[Bug]: <title>value too long for type character varying(255) #1088

jasperchen01 · 2025-03-14T06:46:23Z

Do you need to file an issue?

I have searched the existing issues and this bug is not already filed.
I believe this is a legitimate bug, not just a question or feature request.

Describe the bug

I'm using the main branch, demo code as below:

import asyncio
import logging
import os
import time
from dotenv import load_dotenv

from lightrag import LightRAG, QueryParam
from lightrag.llm.zhipu import zhipu_complete
from lightrag.llm.ollama import ollama_embedding
from lightrag.llm.openai import openai_embed,openai_complete_if_cache
from lightrag.utils import EmbeddingFunc
from lightrag.kg.shared_storage import initialize_pipeline_status
import numpy as np


CURRENT_DIR = os.path.dirname(os.path.abspath(__file__))
WORKING_DIR = f"{CURRENT_DIR}/lightrag_data"

FILE_PATH = f"{CURRENT_DIR}/../../data_dir/marker_output/2305_15323v1.md"
FILE_NAME = os.path.basename(FILE_PATH)

logging.basicConfig(format="%(levelname)s:%(message)s", level=logging.DEBUG)

if not os.path.exists(WORKING_DIR):
    os.mkdir(WORKING_DIR)

# PG
os.environ["AGE_GRAPH_NAME"] = "dickens"
os.environ["POSTGRES_HOST"] = "localhost"
os.environ["POSTGRES_PORT"] = "5432"
os.environ["POSTGRES_USER"] = "postgres"
os.environ["POSTGRES_PASSWORD"] = ""
os.environ["POSTGRES_DATABASE"] = "lightrag"

# neo4j
os.environ["NEO4J_URI"] = "neo4j://localhost:7687"
os.environ["NEO4J_USERNAME"] = "neo4j"
os.environ["NEO4J_PASSWORD"] = "admin123"
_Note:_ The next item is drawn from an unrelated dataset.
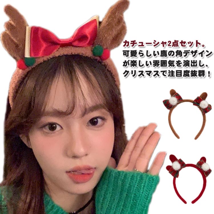 2点セット ふわふわ クリスマス カチューシャ 髪飾り オシャレ 可愛い かわいい クリスマス子供 大人 インスタ ヘアアクセ アクセサリー 角 鹿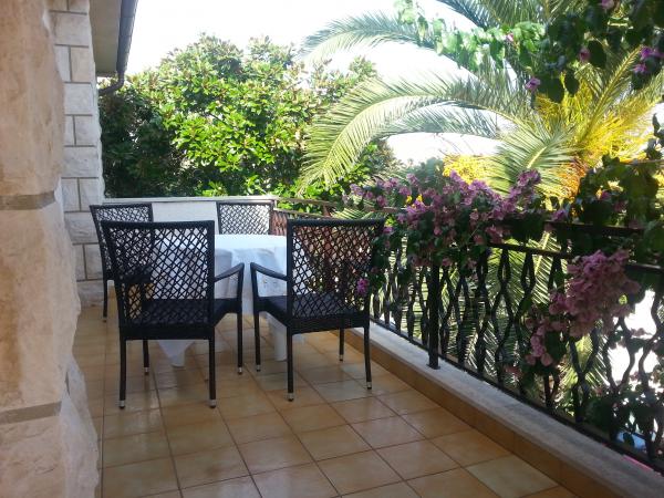 Apartmani se nalaze u obiteljskoj kući u mirnom dijelu Premanture 300 m od mora. Jedan apartman namijenjen je smještaju 5 osoba dok je drugi opremljen za smještaj 2 osobe. U prvom apartmanu u prizemlju nalazi se kuhinja, prostrani dnevni boravak koji je voltom povezan s blagovaonicom i ima direktan izlaz na veliku terasu sa sjedećom garniturom, kupaonica s tušem te odvojeni toalet. Stubama se dolazi na kat gdje su tri spavaće sobe: jednoposteljna soba, dvije dvoposteljne sobe s bračnim krevetima te kupaonica s kadom. Jedna od soba ima terasu. Drugi apartman sastoji se od kuhinje, spavaće sobe s bračnom posteljom, kupaonicom s tuš kabinom, lijepom terasom sa sjedećom garniturom. Ovaj apartman je klimatiziran. Gostima je na raspolaganju roštilj te sjedeća garnitura na travnjaku za zajedničko druženje.

async def _llm_model_func(
    prompt, system_prompt=None, history_messages=[], keyword_extraction=False, **kwargs
) -> str:
    return await openai_complete_if_cache(
        model="qwen-plus-latest",
        prompt=prompt,
        system_prompt=system_prompt,
        history_messages=history_messages,
        api_key="***",
        base_url="https://dashscope.aliyuncs.com/compatible-mode/v1",
        **kwargs
    )

async def _embedding_func(texts: list[str]) -> np.ndarray:
    return await openai_embed(
        texts,
        model="text-embedding-v3",
        api_key="***",
        base_url="https://dashscope.aliyuncs.com/compatible-mode/v1"
    )

async def initialize_rag():
    rag = LightRAG(
        namespace_prefix=FILE_NAME,
        working_dir=WORKING_DIR,
        llm_model_func=_llm_model_func,
        llm_model_max_async=4,
        llm_model_max_token_size=32768,
        enable_llm_cache_for_entity_extract=True,
        embedding_func=EmbeddingFunc(
            embedding_dim=1024,
            max_token_size=8192,
            func=_embedding_func,
        ),
        embedding_batch_num=10,
        embedding_func_max_async=10,
        embedding_cache_config={
            "enabled": "true",
            "similarity_threshold": 0.95,
            "use_llm_check": False,
        },
        kv_storage="PGKVStorage",
        doc_status_storage="PGDocStatusStorage",
        graph_storage="Neo4JStorage",
        vector_storage="PGVectorStorage",
        auto_manage_storages_states=False,
        # llm_model_kwargs={
        #     "response_format": {"type": "json_object"},
        #     "extra_body": {"enable_search": True}
        #     },
        addon_params={
            "language": "Chinese"
        },
    )

    await rag.initialize_storages()
    await initialize_pipeline_status()

    return rag


async def main():
    # Initialize RAG instance
    rag = await initialize_rag()


    # add embedding_func for graph database, it's deleted in commit 5661d76860436f7bf5aef2e50d9ee4a59660146c
    rag.chunk_entity_relation_graph.embedding_func = rag.embedding_func

    with open(FILE_PATH, "r", encoding="utf-8") as f:
        await rag.ainsert(f.read(), ids=[FILE_NAME])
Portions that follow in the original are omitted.